I’ve always considered myself a smart woman. My intelligence might be
slightly above average. I graduated high school twenty-third out of five
hundred eighty-nine. I wasn’t headed to MIT in the fall like the first twenty-two,
but I led the parade of future blue-collar workers. I’m not bragging here. I
just think that whatever life throws my way, eventually I’ll be up to the
challenge
So, why am I so inept when it comes to taking care of
farm animals?
After all, I raised my own kids and lots of people
think that’s like being a zookeeper. In addition, I’ve owned three rescue dogs,
one hamster, a love bird, some Japanese fighting fish, and I was stepmom to my
son’s tarantula. I got skills. I got brains. I got hutzpah.
What I might be lacking is some common sense.
For six days this month, all the inmates at the Brady Rehabilitation
Ranch were subjected to my inexperience as a farmhand. Again. Katy and Dan and
the fam took off for their cabin to escape the heat and left me in charge of
all the critters—six chickens, including two so reclusive I didn’t know they
existed, one mama pig with six piglets, and two bossy sistersheep. They took
their dog with them to the mountains so there’d be at least one survivor when
they got home, and the desert tortoise was left to his own devices.
Lord, have mercy.
It was a circus from the get-go, right after twelve-year-old
Jules, aka The Animal Whisperer, entrusted me with the schedule and ratios
for feeding the flock, followed immediately by Katy’s whispered summary, “Just
try to keep them alive,” and the telltale sound of their Suburban fleeing
imminent disaster in a cloud of diesel fumes.
Rebecca of Sunnybrook Farms I am not. I don’t even
compare to Ma Kettle. I’m more like Gilligan if The Minnow had run
aground in a chicken coop. Feathers flying everywhere, poultry running for
their lives, splintered wood covered in chicken doo doo. When I’m in charge of
the henhouse, it’s one big . . . poop show.

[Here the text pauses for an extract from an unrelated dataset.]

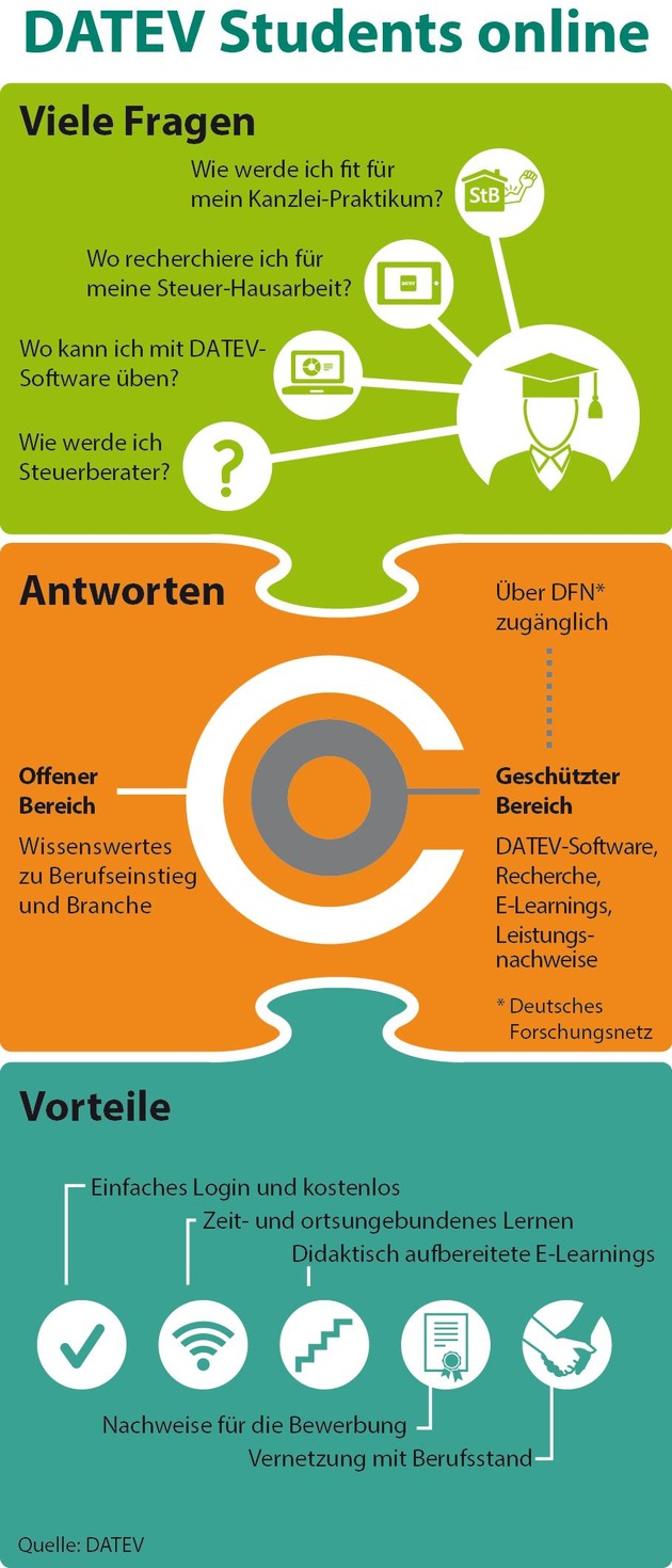Studierende insbesondere aus den Wirtschaftswissenschaften erhalten über das Portal Unterstützung bei der Berufsorientierung und Antworten auf Fragen wie: Soll ich Steuerberater werden? Wo kann ich mit Branchen-Software üben? Wo recherchiere ich für meine Steuer-Hausarbeit? Wie werde ich fit für mein Kanzlei-Praktikum? Über den didaktisch aufbereiteten Lernmedien-Mix lernen die Studierenden den Berufsstand, sein Arbeitsumfeld und die in vielen Kanzleien genutzten DATEV-Lösungen kennen.
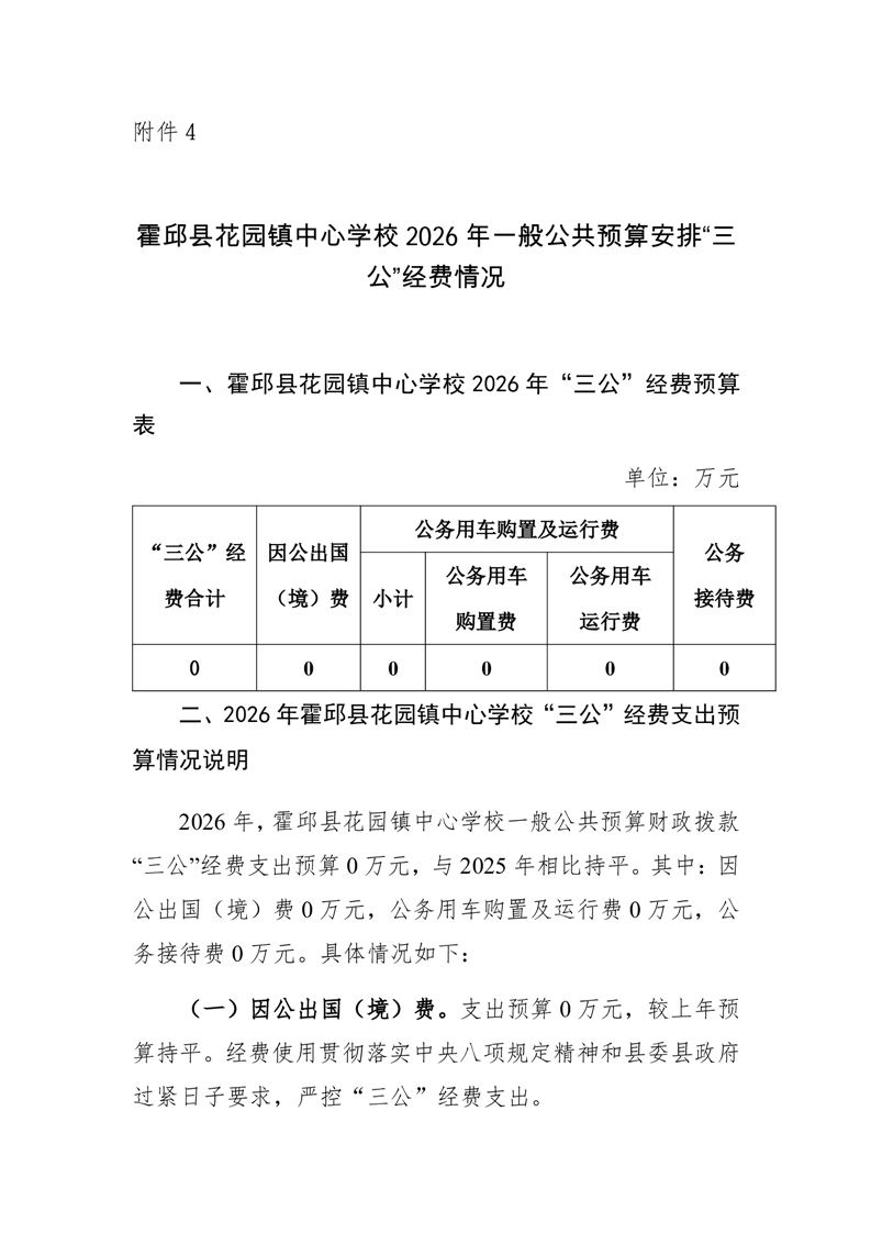 霍邱县花园镇中心学校 2026 年一般公共预算安排“三公”经费情况

It could drive a good Skipper to drink.
Case in point. “Toss a few alfalfa pellets over there
to distract the sheep,” Jules instructed me, pointing to right field, “and then
fill the entire scoop with more pellets and dump them into Maggie’s dish,
there,” she continued, pointing down at about six o’clock on the other side of
the pasture gate, “then . . . toss a quarter of a scoop of chicken scratch that
way," she finished, gesturing toward the pitcher’s mound. This was gonna
be a lot of math. And geometry. The pitcher’s mound looked pretty far away to
me, and my arthritic throwing arm isn’t what it used to be. I wasn’t sure I
could do much more than bunt the stuff.
Sure enough, it was a fiasco. I shook up that game
plan every way I could imagine, but the sistersheep always raced in from the
outfield, drop kicking the chickens in their mad scramble for a few dozen
alfalfa pellets, followed by knocking the piglets on their kiesters. And it hurts
my heart to say this in public, but Maggie’s mothering instincts are nothing to
write home about. She was just as selfish at the dinner table as everybody else
and left her little piglets out in left field to fend for themselves. One night
while I was entertaining neighbors at my house, I spotted the sistersheep
headbutting those poor little piglets over a few pieces of alfalfa in the
pasture. The dark-haired youngsters rolled across the fairway with so much
momentum they looked like bowling balls flying down a green alley. I jumped up
from my chair, muttering forgivable things, ready to give those wooly bullies a
piece of my mind, when one of my visitors stopped me midstride.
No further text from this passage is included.